Added some ideas discussed here to the SDK container release process
working doc
<https://docs.google.com/document/d/1IKE_aEkrAzkzUE4pD_r_zVuL5amHGetJ1efnbTfmunM/edit#>
that
Hannah started.



On Tue, Aug 6, 2019 at 10:33 PM Sam Bourne <[email protected]> wrote:

>
> On Wed, Aug 7, 2019 at 1:53 AM Ahmet Altay <[email protected]> wrote:
>
>>
>>
>> On Mon, Aug 5, 2019 at 9:49 PM Valentyn Tymofieiev <[email protected]>
>> wrote:
>>
>>> On Tue, Aug 6, 2019 at 2:29 AM Ahmet Altay <[email protected]> wrote:
>>>
>>>>
>>>>
>>>> On Mon, Aug 5, 2019 at 1:43 AM Valentyn Tymofieiev <[email protected]>
>>>> wrote:
>>>>
>>>>> - The purpose of install_requires in setup.py is to define the
>>>>> maximally permissive set of requirements for a package[1]. We don't pin a
>>>>> version in setup.py without a strong reason, instead we typically pick up 
>>>>> a
>>>>> lower bound we have tested, and set an upper bound to be next major
>>>>> version.
>>>>> - The purpose of requirements.txt is to force pip to properly resolve
>>>>> dependencies, and create a reproducible execution environment, since pip
>>>>> doesn’t have true dependency resolution [2]
>>>>>
>>>>> We currently regularly upgrade setup.py dependencies, but do not
>>>>> update base_image_requirements.txt. Also, our requirements file is not
>>>>> exhaustive. We need to introduce a process to fix this.
>>>>>
>>>>
>>>> base_image_requirements.txt currently does not drive any released Beam
>>>> artifact. It would make sense to address this as part of the SDKHarness
>>>> container image release process. Similar mechanism might make sense for
>>>> figuring out what goes into containers for other SDKs. (Perhaps add your
>>>> proposal to
>>>> https://cwiki.apache.org/confluence/display/BEAM/%5BWIP%5D+SDKHarness+Container+Image+Release+Process
>>>> )
>>>>
>>>
>>> +1. I will add notes to the wiki, thanks.
>>>
>>>
>>>>
>>>>
>>>
>>>>
>>>>> I would recommend that in new process:
>>>>> - All dependencies of Beam Python SDK, including transitive
>>>>> dependencies, are listed in base_image_requirements.txt (or another
>>>>> requirements file). "Explicit is better than implicit."

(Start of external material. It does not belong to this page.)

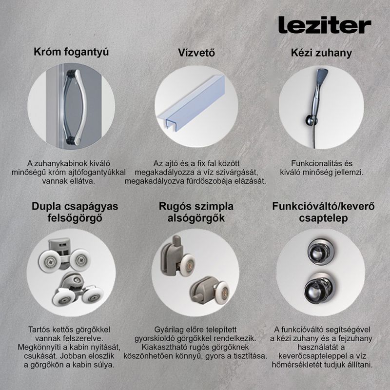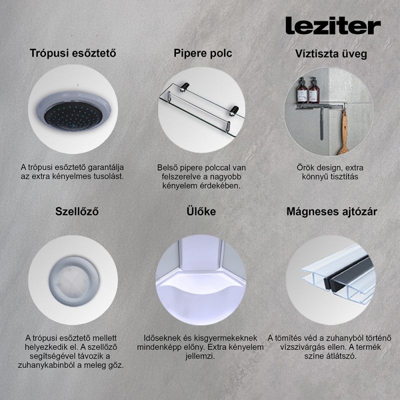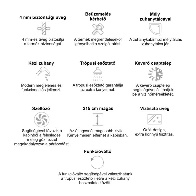 A Cora zuhanykabin számos hasznos funkcióval rendelkezik. Pipere polccal van felszerelve, melynek köszönhetően rendben lehet tartani a tisztálkodáshoz szükséges eszközeit. Trópusi esőztetővel és kézi zuhannyal is rendelkezik, melyet a funkcióváltóval lehet váltakoztatni. A víz hőmérsékletét a keverő csapteleppel lehet beállítani. A trópusi esőztető mellett helyezkedik el kettő szellőző, melyeknek köszönhetően távozik a felesleges meleg gőz ezzel megakadályozva a kabin párásodását.*Biztonsági üveg: A biztonsági üveg egyik nagy előnye, hogy erőhatásra nem történik az üvegben törés. Az edzett üveg ellenáll az őt ért külső erőhatásoknak, melynek köszönhetően igen csak tartós és strapabíró. Magasabb a hőmérsékleti ellenállása. Ezen tulajdonságait egy viszonylag egyszerű hőkezeléssel érik el, amelynek során a méretre vágott üveglapot kb. 650 fokra hevítik, majd hideg levegővel lefújják.

>>>>> - Requirements file is regenerated whenever setup.py changes..
>>>>>
>>>> - When we build a container image, we check that the final image has
>>>>> exactly the same versions of dependencies that were spelled out in
>>>>> requirements file (no versions added, or changed)
>>>>>
>>>>
>>>> The above could be done in a two step process:
>>>> - a human generated requirements file like base_image_requirements
>>>> today which has a set of curated requirements.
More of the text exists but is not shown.